Data:

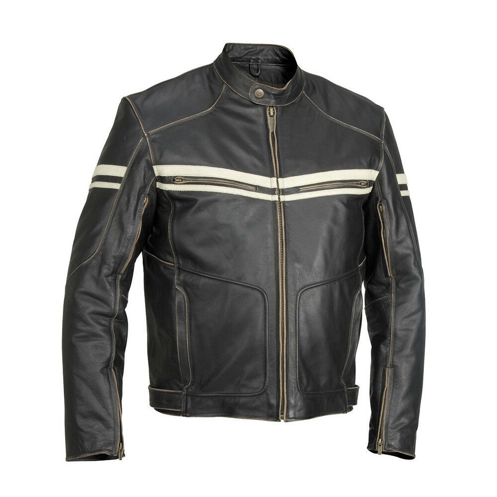 Men Black Motor Biker White Stripes Genuine Cowhide Leather Safety Pads Jacket
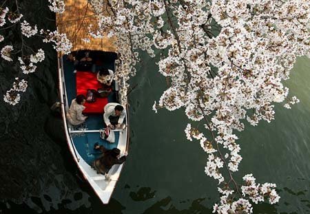 Các du khách đi thuyền dưới một cây anh đào nở rộ hoa tại công viên Sakuranomiya ở Osaka, Nhật Bản.
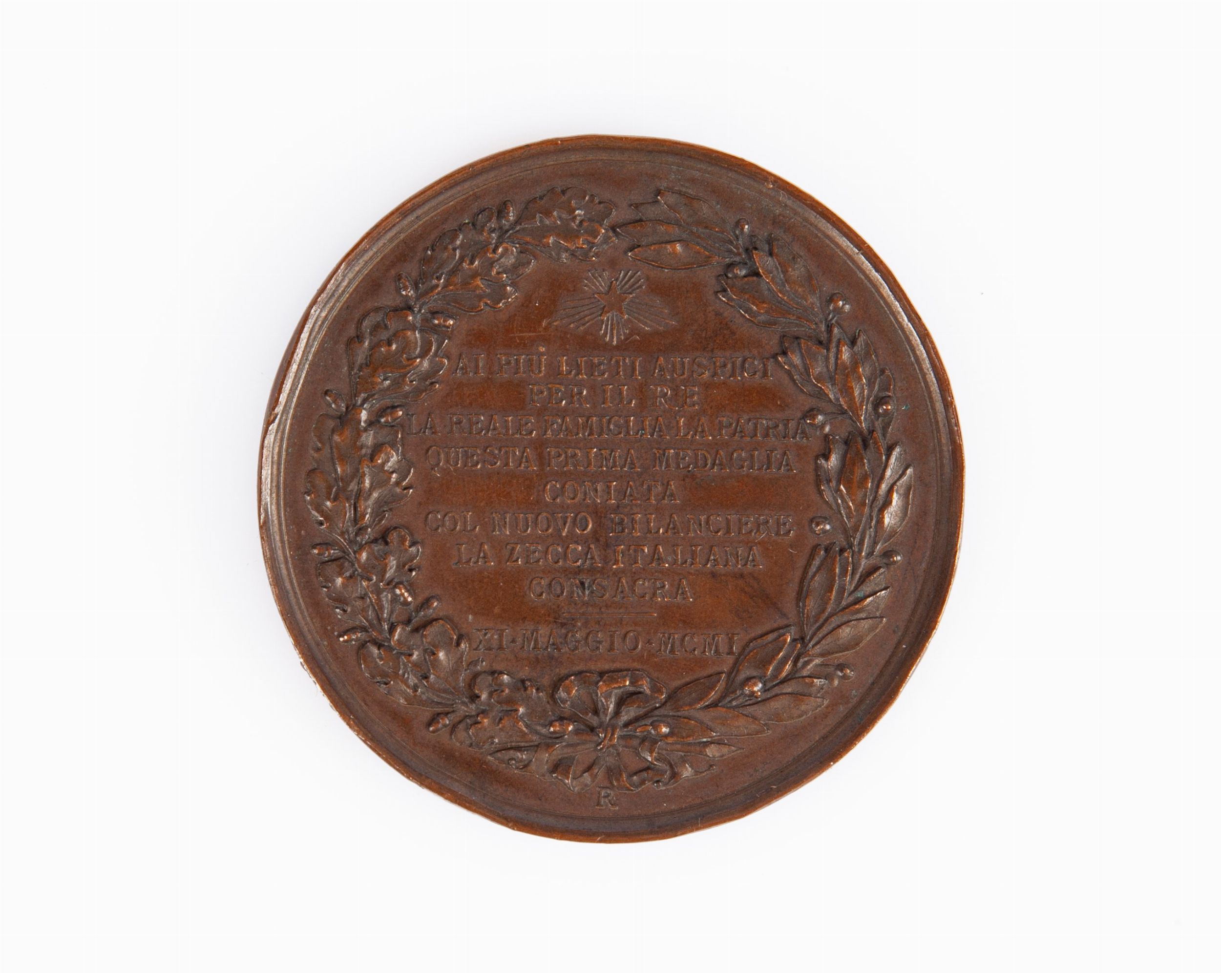 Bronzo. Emessa in occasione della prima coniazione col nuovo bilanciere della Zecca di Roma l'11 Maggio 1901
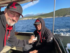 Eine besondere Herausforderung stellte das Angeln von den bereitgestellten Booten dar. Diese sind in Montenegro deutlich anders ausgestattet, als wir es von unseren heimischen Gewässern gewohnt sind. Vor allem das Handling der langen 5-Meter-Ruten erwies sich als anspruchsvoll. Durch die festen Sonnenschutzvorrichtungen an Bord ist der Platz eingeschränkt, was präzise Bewegungen erschwert und das Werfen sowie das Landen der Fische zu einer echten Übung in Koordination macht.
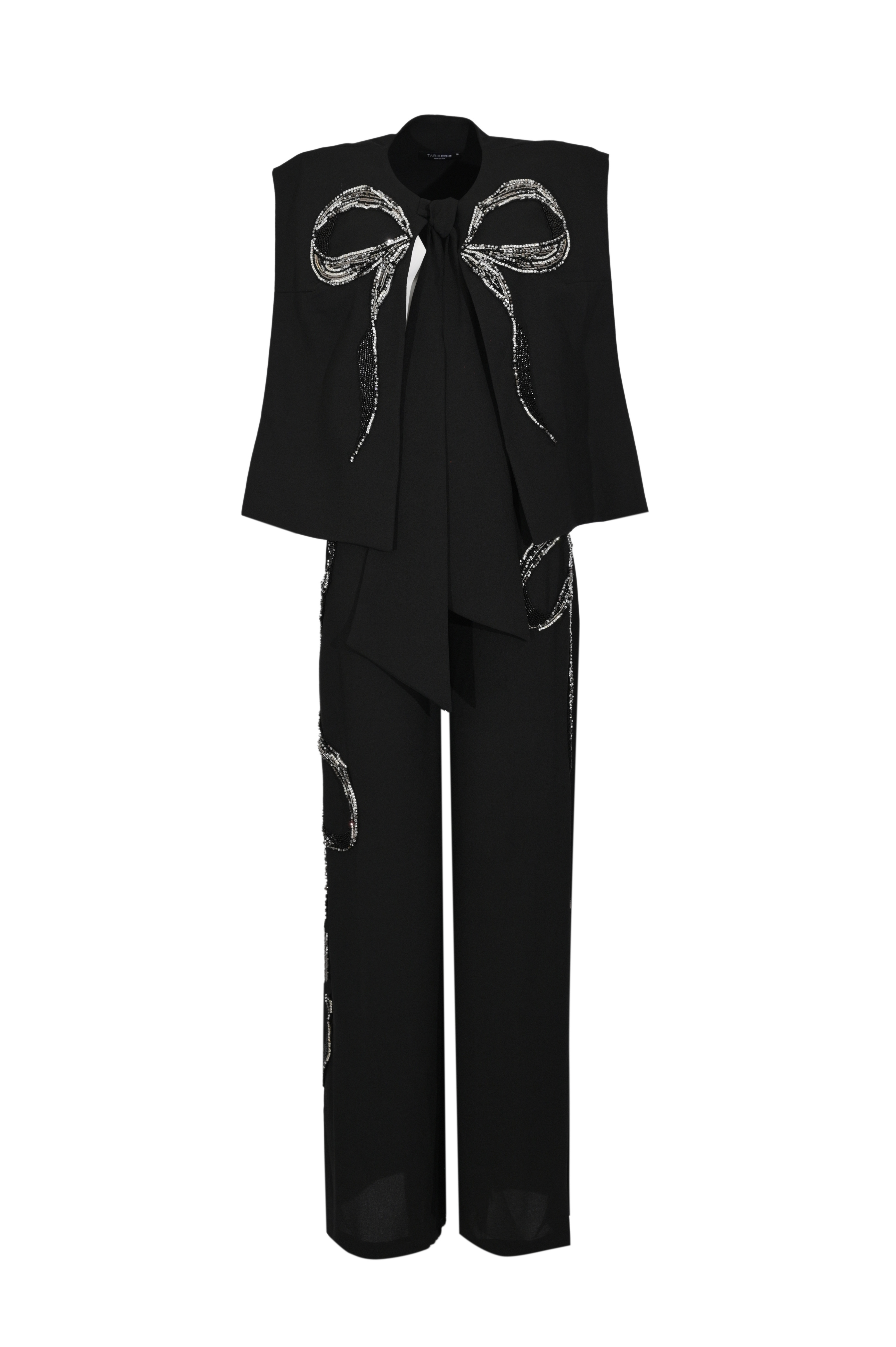 - Dettagli: applicazione fiocco in strass sul davanti, ricami in strass su top e pantalone, pantalone a gamba dritta
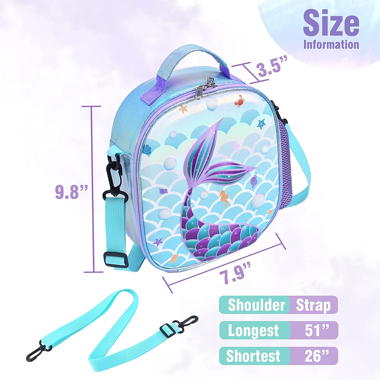 - Parlak Deniz Kızı - Narin deniz kızı öğle yemeği çantası güneş ışığının altında parıldıyor. Özel 3D tasarımı, sıradan olana karşı öne çıkmasını sağlar. Küçük prensesiniz için ne güzel bir hediye. - - Malzeme - Toksik olmayan polyester ve EVA'dan yapılmıştır. BPA içermez, yalıtımlı, su geçirmez, dayanıklı ve yıkanabilir. Kirlenirken sadece ıslak bir bezle silin. Bento kutularınızı, su şişelerinizi, meyvelerinizi ve atıştırmalıklarınızı koymak için uygun bir boyuttur.
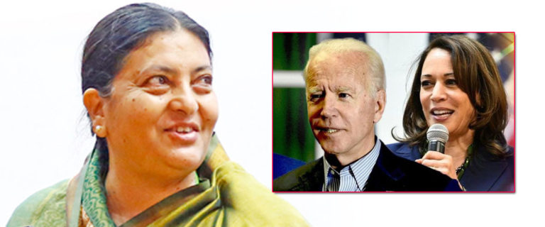 काठमाडौँ, २३ कात्तिक । राष्ट्रपति विद्यादेवी भण्डारीले संयुक्त राज्य अमेरिकाका राष्ट्रपतिमा निर्वाचित भएकोमा डेमोक्रेटिक पार्टीका नेता जो बाइडेन र उपराष्ट्रपतिमा निर्वाचित कमला ह्यारिसलाई बधाई ज्ञापन गरेका छन् ।

Task instructions:
Reproduce the listing above only between the lines holding "Bronzo. Emessa in" and "- Dettagli: applicazione", inclusive. Every line must match exactly, and pictures are dropped.

Solved exercise:
 Bronzo. Emessa in occasione della prima coniazione col nuovo bilanciere della Zecca di Roma l'11 Maggio 1901
 Eine besondere Herausforderung stellte das Angeln von den bereitgestellten Booten dar. Diese sind in Montenegro deutlich anders ausgestattet, als wir es von unseren heimischen Gewässern gewohnt sind. Vor allem das Handling der langen 5-Meter-Ruten erwies sich als anspruchsvoll. Durch die festen Sonnenschutzvorrichtungen an Bord ist der Platz eingeschränkt, was präzise Bewegungen erschwert und das Werfen sowie das Landen der Fische zu einer echten Übung in Koordination macht.
 - Dettagli: applicazione fiocco in strass sul davanti, ricami in strass su top e pantalone, pantalone a gamba dritta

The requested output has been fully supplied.